_Task objective:_
The entries need to be copied exactly as they stand, images left out.

_Input for this task:_
******
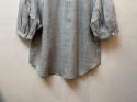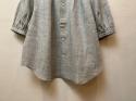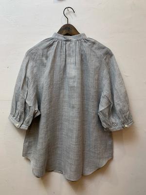 素材は麻の中でも繊維の太さが均質なラミー100%使用し、経糸と緯糸に異なる色のトップ糸を張り織り上げた、贅沢なシャンブレーです。上品な透け感があり、見る角度によって少々色の見え方が変化する、とても表情のある生地で、ギャザーをたっぷり寄せブラウスを製作しました。
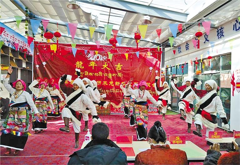 圖為仲巴縣吉瑪鄉(xiāng)春節(jié)藏歷木龍新年文藝聯(lián)歡會(huì)現(xiàn)場(chǎng),群眾在表演歌舞節(jié)目。 記者 汪純 攝
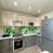 • Натяжные потолки: Современные натяжные потолки в кухне и комнате придают квартире стильный и аккуратный вид, а также визуально увеличивают пространство.
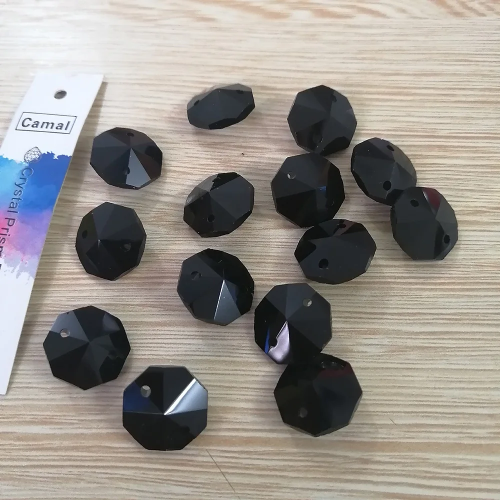 Camal 20 шт Черный 14 мм хрустальные Восьмиугольные бусины два отверстия призмы люстра части лампы аксессуары DIY свадебный центральный предмет
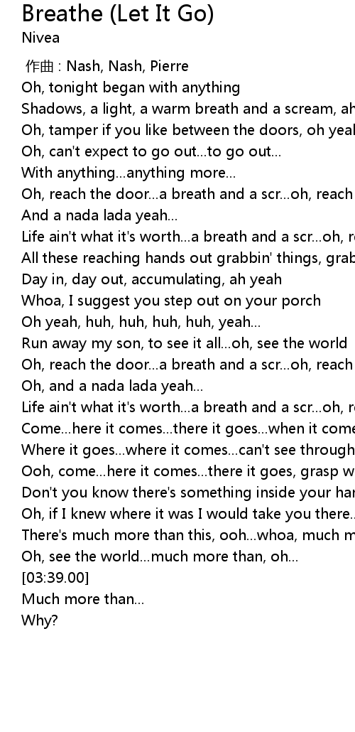| [02:41.00] | Life ain't what it's worth...a breath and a scr...oh, reach the door |
******
_Written solution:_
 素材は麻の中でも繊維の太さが均質なラミー100%使用し、経糸と緯糸に異なる色のトップ糸を張り織り上げた、贅沢なシャンブレーです。上品な透け感があり、見る角度によって少々色の見え方が変化する、とても表情のある生地で、ギャザーをたっぷり寄せブラウスを製作しました。
 圖為仲巴縣吉瑪鄉(xiāng)春節(jié)藏歷木龍新年文藝聯(lián)歡會(huì)現(xiàn)場(chǎng),群眾在表演歌舞節(jié)目。 記者 汪純 攝
 • Натяжные потолки: Современные натяжные потолки в кухне и комнате придают квартире стильный и аккуратный вид, а также визуально увеличивают пространство.
 Camal 20 шт Черный 14 мм хрустальные Восьмиугольные бусины два отверстия призмы люстра части лампы аксессуары DIY свадебный центральный предмет
| [02:41.00] | Life ain't what it's worth...a breath and a scr...oh, reach the door |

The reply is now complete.